Perry J W, Oka T
Biochim Biophys Acta. 1980 Apr 17;629(1):24-35. doi: 10.1016/0304-4165(80)90261-5.
The biphasic increase of ornithine decarboxylase activity in mouse mammary gland in organ culture occurs with a hormone-independent first peak and a hormone-dependent second peak. The data presented indicate that a change in the osmolarity of the cellular environment is the major contributing factor for the emergence of the hormone-independent ornithine decarboxylase activity in mammary explants. Thus, incubation of mammary explants for 3 h in a medium diluted 53% with distilled water results in approx. 1000-fold stimulation of enzyme activity over the initial level, whereas a similar dilution of the medium with 0.18 M NaCl or 0.3 M sucrose blocks the increase. The increase in enzyme activity is similarly affected by a reduction of the concentration of NaCl in the culture medium. The hypoosmotic stimulation of ornithine decarboxylase activity appears to be affected at a posttranscriptional level, and is enhanced further by the actions of insulin and prolactin. The hypoosmotic enhancement of ornithine decarboxylase activity produces a large increase in the intracellular concentration of putrescine in mammary explants. However, neither the concentration of spermidine and spermine nor the activity of S-adenosyl-L-methionine decarboxylase is affected. In addition, studies of putrescine transport in mammary explants show that hypotonicity causes an increase in the rate of influx and a decrease in efflux of putrescine with enhancement of intracellular putrescine accumulation. On the other hand, the uptake of spermidine, spermine, amino acids, sugar, and a lipophilic cation, triphenylmethylphosphonium is unaffected. These data suggest a possibility that osmotic alteration in cellular environment causes an incresed need for putrescine in mammary cells, resulting in stimulation of ornithine decarboxylase activity, which may represent a cellular mechanism for maintaining the homeostasis of the intracellular cationic environment.
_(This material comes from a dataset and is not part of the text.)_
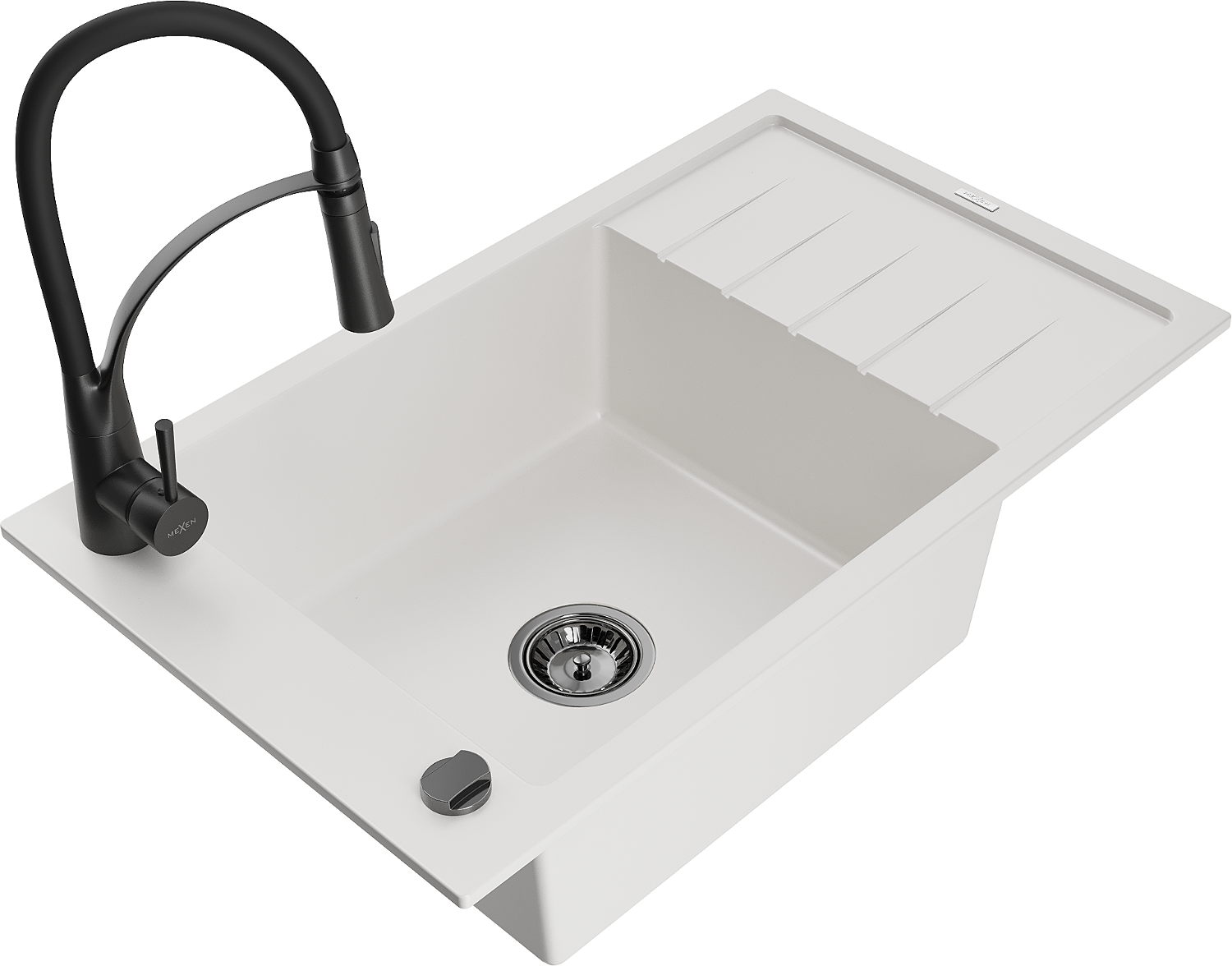 Mexen Elias granitový dřez 1-komorový s odkapávačem a kuchyňskou baterií Aster, bílá - 6511-20-73450-70-B

在器官培养中,小鼠乳腺中鸟氨酸脱羧酶活性呈双相增加,第一个峰值不依赖激素,第二个峰值依赖激素。所呈现的数据表明,细胞环境渗透压的变化是乳腺外植体中出现不依赖激素的鸟氨酸脱羧酶活性的主要促成因素。因此,将乳腺外植体在用蒸馏水稀释53%的培养基中孵育3小时,会导致酶活性比初始水平提高约1000倍,而用0.18 M NaCl或0.3 M蔗糖对培养基进行类似稀释则会阻止这种增加。培养基中NaCl浓度的降低对酶活性的增加有类似影响。鸟氨酸脱羧酶活性的低渗刺激似乎在转录后水平受到影响,并且胰岛素和催乳素的作用会进一步增强这种刺激。鸟氨酸脱羧酶活性的低渗增强导致乳腺外植体中腐胺的细胞内浓度大幅增加。然而,亚精胺和精胺的浓度以及S-腺苷-L-甲硫氨酸脱羧酶的活性均未受到影响。此外,对乳腺外植体中腐胺转运的研究表明,低渗会导致腐胺流入速率增加和流出速率降低,同时细胞内腐胺积累增加。另一方面,亚精胺、精胺、氨基酸、糖和一种亲脂性阳离子三苯甲基鏻的摄取不受影响。这些数据表明,细胞环境中的渗透压改变可能导致乳腺细胞对腐胺的需求增加,从而刺激鸟氨酸脱羧酶活性,这可能代表了一种维持细胞内阳离子环境稳态的细胞机制。